In-Situ TEM Studies of Fluoride Based Solid State Batteries
Battery research groups worldwide, are try to directly observe the structural and chemical evolution of battery components in real space and to correlate this with the corresponding ex-situ cyclic behavior. In-situ analysis comprises complex sample environment systems, requiring careful development of experimental aspects to enable correlation with the true operating conditions. In-situ TEM is one of the few techniques that can provide direct structural and compositional information of micron-sized batteries during cycling. These in-situ studies often necessitate unique sample preparation techniques.
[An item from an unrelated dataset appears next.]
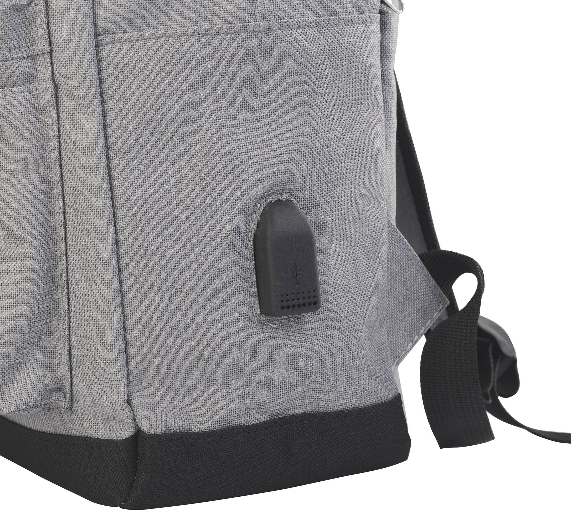Достаточный объём и несколько отделений рюкзака позволят вместить всё самое необходимое. Основной материал - полиэстер плотностью 600 D хорошо держит форму и устойчив к сминанию. Прорезиненная подложка надежно защищает содержимое от влаги. Есть внешний карман на молнии, карман-сетка с боковой стороны и выход для проводов с противоположной стороны. Основное отделение имеет скрытую молнию и внутри – карман с RFID-защитой. Внутренний подклад – серого цвета.

An additional aspect is electron beam damage of battery materials, which modify the system and complicate the data interpretation. Here, beam damage challenges and sample preparation possibilities along with our strategies to identify an optimum system for in-situ TEM studies will be presented.
We selected a fluoride ion battery system for this study.Ball milling of a mixture of (1−y)LaF3 and yBaF2 was employed to prepare a La0.9Ba0.1F2.9 solid electrolyte. This electrolyte was initially studied for its structure, composition and stability towards the electron beam. A mixture of Cu (90%), as an active material, and C (10%) was used as a cathode. The anode, in case of a half-discharged-state, was prepared from a mixture of Mg, MgF2, La0.9Ba0.1F2.9 (for ionic conductivity), and C (for electronic conductivity). Cathode, anode and electrolyte were pressed together to form a pellet. A focused ion beam system was used to prepare a thin cross-section of the complete battery and electrically contacted on an MEMS based device at the edge of the electrodes (Fig. 1a). For electrochemical measurements, an Aduro sample holder was used in the Titan 80-300 TEM.
Variations in morphology, structure and composition of the electrodes, electrolyte and their interfaces were characterized using TEM, STEM, and SAED during electrochemical cycling (Fig. 1b). The HRTEM images, SAED studies and STEM-Map of the cathode at the interface indicate the formation of CuF2 phase after charging (Fig. 1c,d), which was not present in the as-prepared state. The sample preparation, and the changes in the morphology, structure and composition of the La, Ba/ La0.9Ba0.1F2.9/BiF3 and the Mg/ La0.9Ba0.1F2.9/CuF2 systems will be presented and discussed.